After Russell’s death, Prince Henry Duke of Cumberland, the younger brother of George III and the Prince of Wales’s uncle, rented Russell House. Prince Henry, a man who attracted scandal, had started to visit Brighton in 1771. He brought with him what writers of the time called ‘the upper ten thousand,’ a bunch of young men who had too much spare time and too much cash. Inevitably a society developed to satisfy their and the Duke of Cumberland’s needs. In 1783 the Prince of Wales, the future Prince Regent, who shared his uncle’s “tastes for fine cuisine, gambling, the theatre, and general fast living including adultery,” started to visit him in Brighton in order to experience the discreet delights of the town which included in due course his mistress, Mrs Fitzherbert.
While he was staying with his uncle in Russell House in 1786 and with one would imagine his uncle’s active encouragement, the Prince of Wales bought a small farmhouse on the Steine which, after the expenditure of £502,797 6s. 10d. (£54 million in today’s money), became the Royal Pavilion.

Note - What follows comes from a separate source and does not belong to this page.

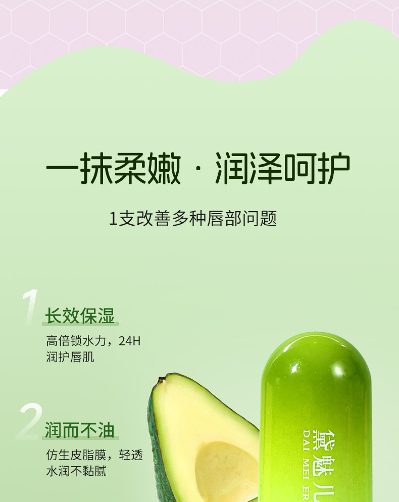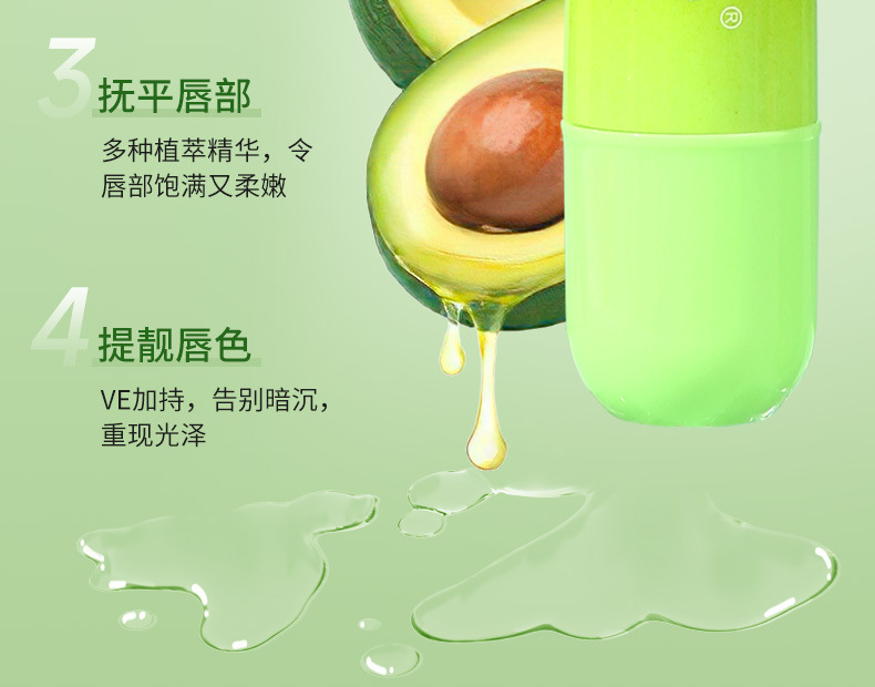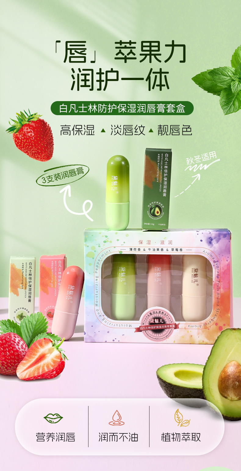 Набор увлажняющих бальзамов для губ из 3 шт.; Увлажняющая помада с авокадо, аромат 1 коробка; Увлажняющий бальзам для губ с запахом клубники 1 коробка; Увлажняющая помада с мятным вкусом 1 коробка

After Prince Henry moved out of Russell House, it became a rooming house and then a mini amusement centre with a puppet theatre and a resident juggler before becoming derelict. It was bought by John Colbatch, a prominent Brighton entrepreneur, for £5000 and demolished in 1823. This now gave the Steine and, more importantly, the Royal Pavilion an uninterrupted sea view. The town commissioners wanted to buy the site and keep it empty for the good of the town. Colbatch offered it to them for £3,105, a hefty discount. But they couldn’t get their act together. So, he commissioned A. H. Wilds, who designed and built the Unitarian Church, Oriental and Sillwood Place and many other Brighton landmarks, to build the Albion Hotel, which opened on 5 August 1826. The hotel was an immediate success. Colbatch further boosted its reputation in 1841 by opening the Albion Rooms. This combined the functions of library, lecture theatre and museum. It became the base for the Brighton Royal Literary and Scientific Institution, which with Prince Albert as its patron, became the intellectual focus of the town. In about 1847, the five-story western wing was added, and its name was changed. This was a high point for the Albion. Brighton was the definition of a modern metropolis, and the now Royal Albion was its cultural heart.

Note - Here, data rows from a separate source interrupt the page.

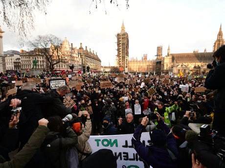 Crowds later marched to Trafalgar Square, before staging a protest outside the Metropolitan Police’s headquarters at New Scotland Yard.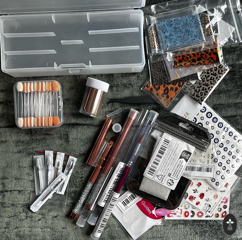 Komplektis tangid, küünenaha tõukur, viil 100/180, freeside otsikud ja aksessuaar.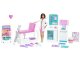 Klinika obsahuje lekárku Barbie® brunetku (30,4 cm) a 4 hracie plochy: ordináciu, vyšetrovací stôl, röntgenový prístroj a darčekový obchod.

But things change. Queen Victoria’s last visit to Brighton was in February 1845, and one of her reasons for abandoning the Royal Pavilion was that it didn’t have a sea view. The Royal Pavilion was shuttered and stripped of its contents. The town commissioners thought it would be a good idea to buy it for the town rather than let it be pulled down. John Colbatch opposed this. He claimed it would cost too much to maintain. But, he was also deeply concerned that it would become an unfair competitor to the Albion Rooms and drive it out of business, which it did. The Rooms went broke. Their accumulated contents of books and cultural artefacts ended up in the Royal Pavilion, where they became the foundation of the Brighton Museum.
The Royal Albion then went into a slow decline. It closed in 1900 and stayed empty until the flamboyant Harry Preston bought it in 1913 for £13,500
Sir Harry was a brilliant hotelier who raised the hotel to new heights. He totally refurbished it and welcomed authors like Hilaire Belloc, artists like Walter Sickert, actors like Sybil Thorndyke, entertainers like George Robey, boxers like Jack Dempsey and royalty like the Prince of Wales. For the second time in its life, the hotel became internationally known and the centre of Brighton’s cultural life.
After the death of Preston in 1936 and its requisition during the Second War, the hotel quietly retreated from the headlines, apart from the unwanted publicity of the fires.
However perhaps now after the 2023 fire it’s time for it to rise again like a phoenix from the ashes to achieve new heights.